(Source data)

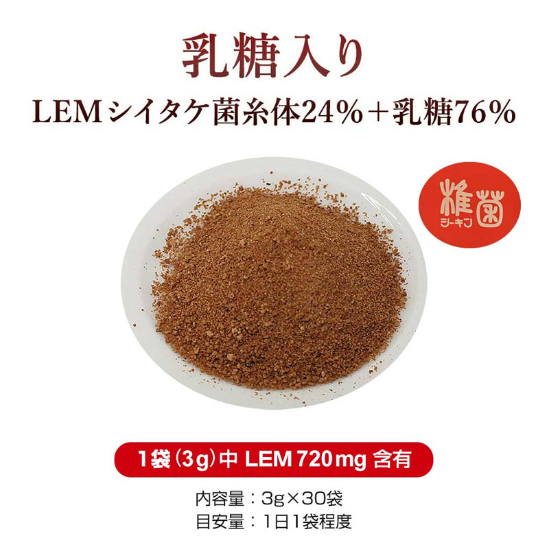 ■1袋(3g)中 LEM(シイタケ菌糸体培養培地抽出物)720mg
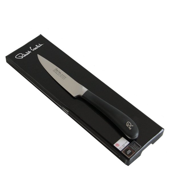 Nóż kuchenny Jarzyniak, przeznaczony do obierania i krojenia owoców i warzyw o długości ostrza 10cm - nóż należący do prestiżowej serii "Signature V", wykonanej z wysokiej jakości kutej stali molibdenowo-wanadowej z wykorzystaniem zaawansowanej technologii, gwarantującej najwyższą ostrość i odporność na szybkie tępinie ostrza. Nóż znakomity technicznie, jest także wyjątkowy designersko - to właśnie ta seria noży została nagrodzona w ostatnich kilku latach najważniejszymi nagrodami międzynarodowymi, łącznie z ostatnią iF - Produkt Roku 2010. Produkt z gwarancją Lifetime i znakomicie opakowany w designerkie pudełko Giftbox.
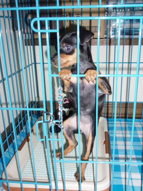 まだ我が家に来てから一週間くらいの時の写真です。小さいのにゲージから出たくて一生懸命です。
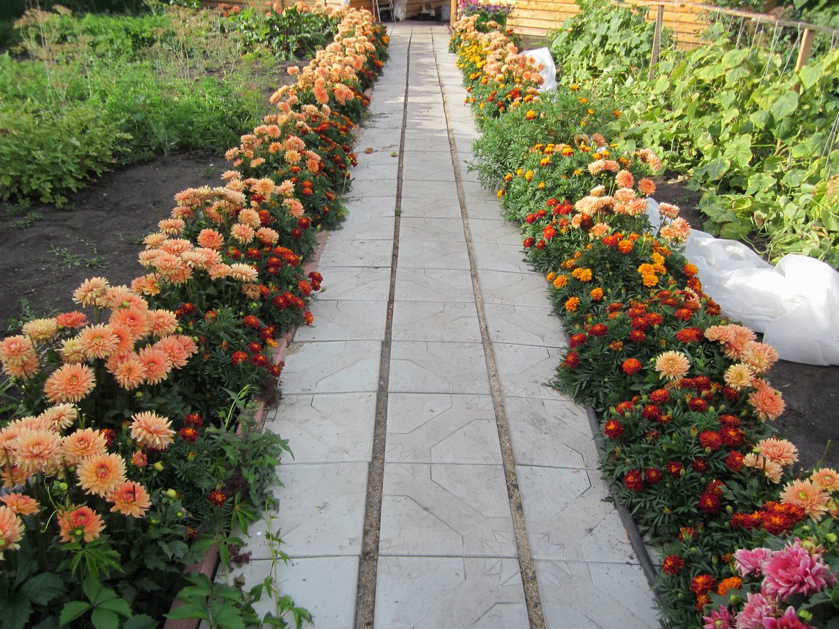 - Rabatka - an elongated flower bed located along paths, fences, buildings. Length up to 15 meters, width from half a meter to two meters, often embedded in the lawn space for the separation of zones or to create clarity of lines and shapes of the site. There are one-sided and two-sided, small (2-4 rows of plants) and wide (up to 7 rows), with a symmetrical and asymmetrical pattern, whole and intermittent. According to the design principle, you can select floral, carpet, ornamental.
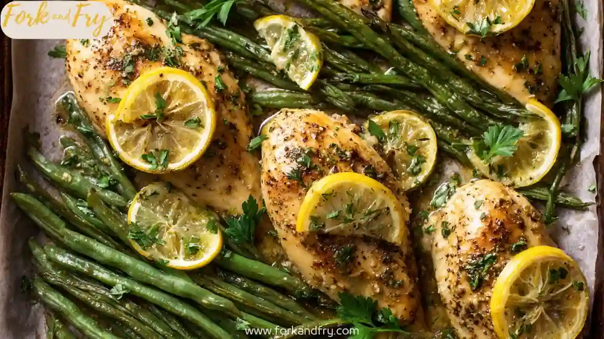 Finish and serve: Slice chicken, sprinkle parsley, and serve with lemon wedges. Optional: toss hot green beans with a small pat of butter for extra gloss and flavor.
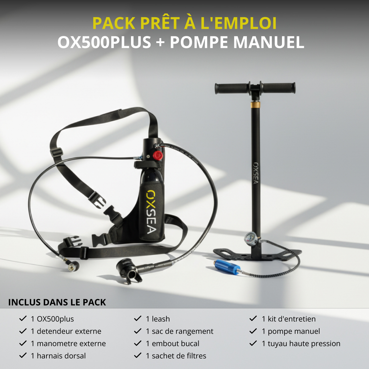 Découvrez le Pack OX500 PLUS: mini-bouteille + pompe manuelle.
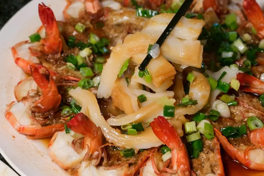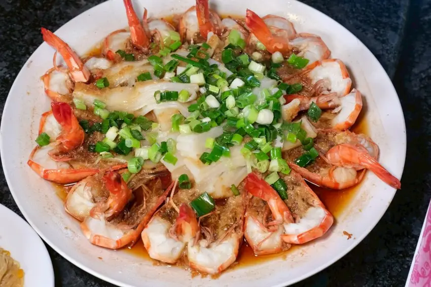 ▼豪華登場的蒜茸蒸草蝦,使用大尾的草蝦搭配粄條和蒜茸清蒸,粄條吸滿了醬汁超過癮,吸吮蝦肉時有著濃郁蒜香,香氣滿溢越吃越涮嘴!
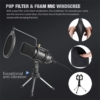 USB Microphone, Professional Condenser Computer PC Mic with Tripod Stand, Pop Filter, Shock Mount for Gaming, Streaming, Podcasting, YouTube, Voice Over, Skype, Twitch, Compatible with Laptop Desktop
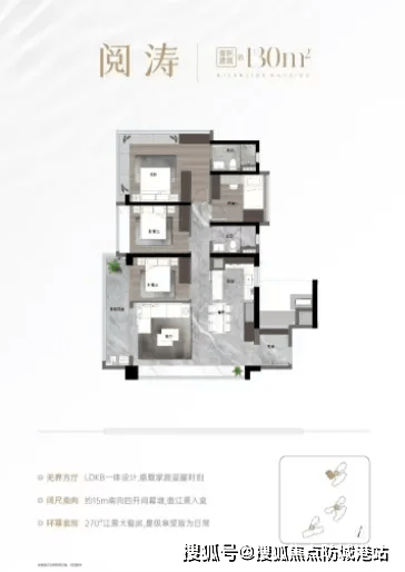1. 130㎡四房两厅两卫:入门改善优选,全南采光+江景视野
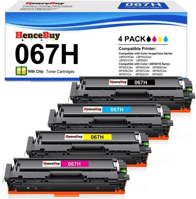 Product ModelHenceBuy compatible 067H 067 toner cartridge set high yield replacement for canon 067H toner cartridge set, for canon mf656cdw toner cartridges, canon mf654cdw toner cartridges ^^ Compatible Printers067H Toner Cartridge Set Compatible for Canon imageCLASS MF656Cdw LBP632Cdw MF654Cdw MF653Cdw LBP633Cdw LBP631Cw MF651Cw MF656Cdw MF650C MF652Cdw MF652Cw LBP630C MF657Cdw MF655Cdw laser printer ^^ High Page Yield3, 150 pages per 067H black toner cartridge, 2, 350 pages per 067H color C/M/Y toner cartridge (at 5% coverage of A4/letter paper) ^^
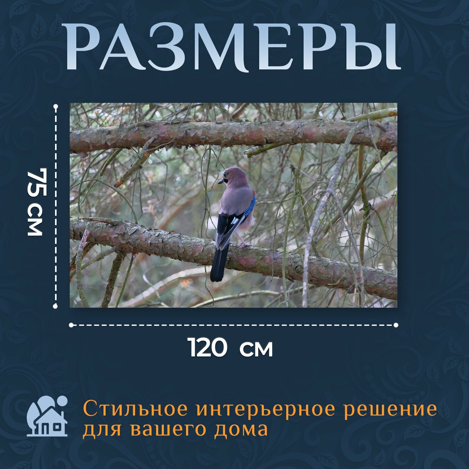 Картина на холсте "Обыкновенная сойка, птица, ветви" на подрамнике 120х75 см. для интерьера информация:

_What is being asked_
Which lines run from the one that holds "1. 130㎡四房两厅两卫:入门改善优选,全南采光+江景视野" to the final line of the records above? Return them exactly, and skip the pictures.

_Result below_
1. 130㎡四房两厅两卫:入门改善优选,全南采光+江景视野
 Product ModelHenceBuy compatible 067H 067 toner cartridge set high yield replacement for canon 067H toner cartridge set, for canon mf656cdw toner cartridges, canon mf654cdw toner cartridges ^^ Compatible Printers067H Toner Cartridge Set Compatible for Canon imageCLASS MF656Cdw LBP632Cdw MF654Cdw MF653Cdw LBP633Cdw LBP631Cw MF651Cw MF656Cdw MF650C MF652Cdw MF652Cw LBP630C MF657Cdw MF655Cdw laser printer ^^ High Page Yield3, 150 pages per 067H black toner cartridge, 2, 350 pages per 067H color C/M/Y toner cartridge (at 5% coverage of A4/letter paper) ^^
 Картина на холсте "Обыкновенная сойка, птица, ветви" на подрамнике 120х75 см. для интерьера информация:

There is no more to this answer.